Political discourse has shifted from economic policy to identity and belonging, leaving traditional economic discussions feeling irrelevant by comparison. Advocates for market-oriented policies now struggle to gain traction as identity politics take center stage.
Noah Smith: Yes, I believe you’re spot on. Issues of identity have emerged as crucial for people, and libertarian philosophy lacks a framework to address them adequately.
Russ Roberts: Libertarians often overlook the deep connections people have to their identities and communities. This has significant implications for political dynamics, evidenced by recent shifts in the U.S., U.K., and elsewhere.
Ultimately, the current rightward shift in many nations, while often framed as a response to economic policy, is largely centered around identity and cultural narratives.
Noah Smith: Indeed, while the Right’s approach to identity may be flawed, the Left’s handling of these issues is not without its faults either.
That leads me to a question for you.
Russ Roberts: Go ahead!
Noah Smith: Among all American leaders in history, who do you believe had the most effective approach to shaping American identity?
Russ Roberts: That’s a challenging question, considering my expertise lies elsewhere. However, I believe that historically, there was a consensus narrative that was easier to rally around, particularly among the political elite. As more diverse voices gained representation, the narrative became more complex and challenging to navigate.

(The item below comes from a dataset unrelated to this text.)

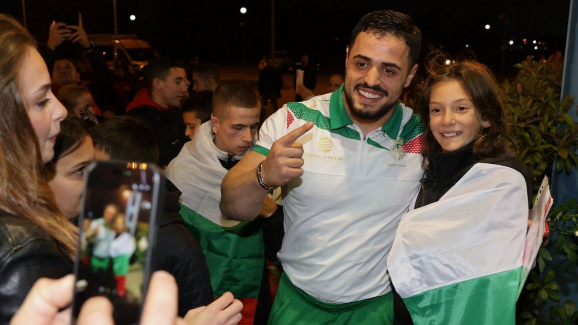 21-годишният тежкоатлет кацна на софийското летище с полет от Франкфурт, като още на пистата бе посрещнат от най-близките си хора - майка си и приятелката си, както и от група с народни носии и изпълнение на гайди.

America has an impressive history, but it is also riddled with flaws—its treatment of Native Americans and people of color, to name a few. The idealism of the American narrative has been deeply scrutinized, particularly as it struggles to accommodate a more diverse society.
Different leaders have attempted to define this narrative, but in today’s context, it seems increasingly fragmented and unsatisfactory for many.
This fragmentation also explains why libertarian economic principles are struggling to find their footing amid these identity-driven discussions.
Noah Smith: I would argue that Franklin Delano Roosevelt had a significant impact on American identity. His rhetoric fostered a sense of unity, despite the contradictions in his administration’s actions, such as the internment of Japanese Americans during World War II.
Russ Roberts: Indeed, leaders like FDR and Reagan were able to unify the country during times of crisis, but their approaches also came with complexities and compromises. They navigated significant challenges, shaping the narratives that resonated during their respective eras.
In times of upheaval, external threats often create a backdrop that enhances a leader’s ability to forge a cohesive identity, leading to broader consensus.
Noah Smith: That’s a compelling point. However, I believe exceptional leadership is crucial. Figures like Washington, Lincoln, FDR, and Reagan had the opportunity to shape America’s trajectory during pivotal moments, but their choices weren’t without flaws.
While they made significant contributions, they also faced backlash for their decisions, illustrating the complexity of leadership in defining national identity.